介護記録の例文を「食事・排泄・入浴・移動・認知症(BPSD)」の5大場面別に30パターンまとめました。現場ですぐに使えるよう【場面】【利用者】【状況】【記録例】の形式で具体化し、NG例→OK例の対比も10パターン収録しています。書き方の基本原則は介護記録の書き方完全ガイドへ、記入用ひな形は介護記録テンプレート完全ガイドへ譲り、本記事は「例文マトリクス」に特化します。
1. 介護記録の例文を探す前に:客観的記述の基本
**介護記録は事実を客観的・定量的に記すことが原則で、「元気に」「安定」といった主観的表現は避け、時刻・量・所要時間・観察所見を一文一義で書きます。**根拠は指定居宅サービス等の運営基準第19条、指定介護老人福祉施設の運営基準第6条などに求められ、監査にも耐える記述が求められます。本章では例文を読む前の共通前提だけ簡潔に整理します。
本記事の例文をそのまま使う前に、3つの前提だけ押さえてください。詳細な原則解説は介護記録の書き方完全ガイドで展開しています。
- 5W1Hを埋める:いつ・どこで・だれが・なにを・なぜ・どうを一文で完結させます。
- 数値と観察事実を残す:「全量」「約280g」「30分」「むせ込みなし」など客観情報を書きます。

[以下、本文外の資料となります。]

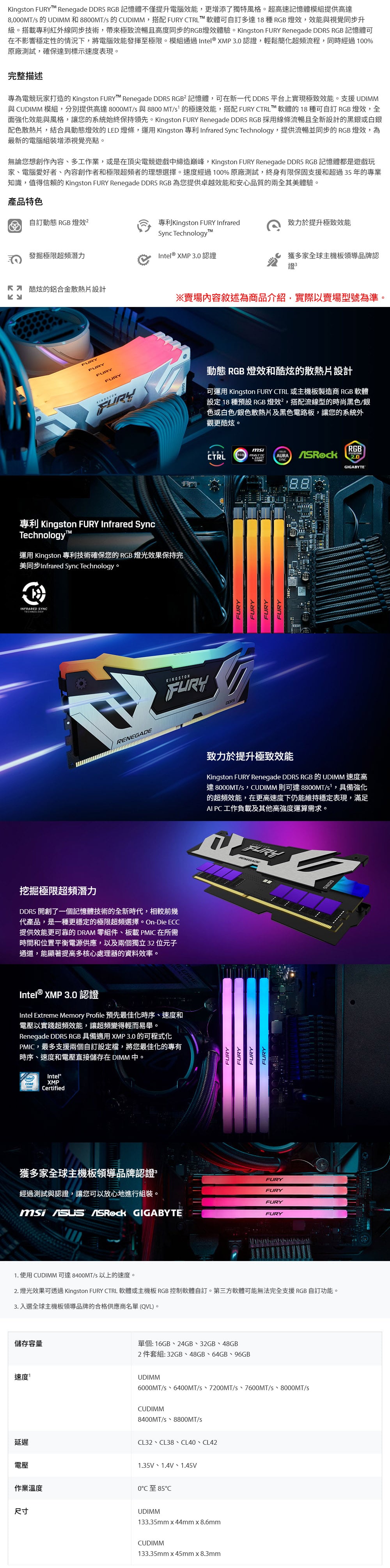 Kingston 金士頓 FURY Renegade RGB 反叛者 DDR5-8400 24G 桌上型記憶體《白》(KF584CU40RWA-24)

- 主観は別欄へ分離:「元気そう」など推測は評価欄に分け、本文には書きません。

これらを踏まえたうえで、以下の例文は「記録本文はだ・である調(常体)」で統一しています。施設の方針でです・ます調を指定されている場合は、文体を置き換えてご活用ください。
2. 例文マトリクス30選:5大場面×状況別
**介護記録の例文は、食事・排泄・入浴・移動・認知症(BPSD)の5大場面を、それぞれ6つの状況に分けた30パターンで網羅できます。**各例文は5W1Hを満たし、介助レベル(自立・一部介助・全介助)と所要時間・量・所見を明示します。厚労省の運営基準(第19条・第6条)が求める「状態と介護過程の記録」を、場面別にそのまま転用できる形で整理しました。
介護現場で頻出する5大場面を、6つの状況に細分化したマトリクスです。食事・排泄・入浴は次章以降で詳述するため、本章では一覧表と「移動」「認知症(BPSD)」の12例を展開します。
5大場面×状況の全体マトリクス
| 場面 | 状況1 | 状況2 | 状況3 | 状況4 | 状況5 | 状況6 |
|---|---|---|---|---|---|---|
| 食事 | 全介助 | 一部介助 | 自助具使用 | 拒食 | 嚥下低下 | 経管栄養 |
| 排泄 | トイレ排泄 | 失禁 | 排泄介助 | 下痢 | 便秘 | おむつ交換 |
| 入浴 | 一般浴 | 清拭 | 特殊浴槽 | 入浴拒否 | 部分浴 | 入浴中止 |
| 移動 | 歩行 | 車椅子 | 移乗 | リフト使用 | 転倒時 | 外出 |
| 認知症BPSD | 徘徊 | 不穏 | ケア拒否 | 昼夜逆転 | 暴言 | 異食(食べ物あさし) |
移動の記録例文(6パターン)
- 【場面】歩行【利用者】80代女性【状況】見守り【記録例】 10:00、2階廊下を車椅子から離れ歩行。約15mを自立、手すりを使用。歩幅はやや小、転倒なし。
- 【場面】車椅子【利用者】90代男性【状況】全介助【記録例】 14:20、車椅子にて食堂へ誘導。ブレーキ確認後、フットレストを上げ着席。移動距離約30m、所要2分。
- 【場面】移乗【利用者】70代女性【状況】一部介助【記録例】 12:15、車椅子からベッドへ移乗。立位保持は安定、腰背部から最小介助。所要約1分、姿勢良好。
- 【場面】リフト使用【利用者】90代男性【状況】全介助【記録例】 15:00、床走型リフトでベッドから車椅子へ移乗。職員2名、スリング装着から着座まで約5分。シートベルト装着済。
- 【場面】転倒時【利用者】80代女性【状況】事実経過【記録例】 16:35、居室にて右側へ転倒。本人の訴え「つまずいた」。頭部打撲の訴えなし、意識清明。バイタル測定(血圧138/80・脈72)。医師へ報告済。
- 【場面】外出【利用者】70代男性【状況】付き添い【記録例】 10:30〜11:30、近隣公園へ外出(職員1名付き添い)。車椅子移動、往復約400m。気分良好、水分100ml摂取。
認知症(BPSD)の記録例文(6パターン)
BPSD(Behavioral and Psychological Symptoms of Dementia:認知症の行動・心理症状)は、事実の観察と周囲への影響を客観的に書きます。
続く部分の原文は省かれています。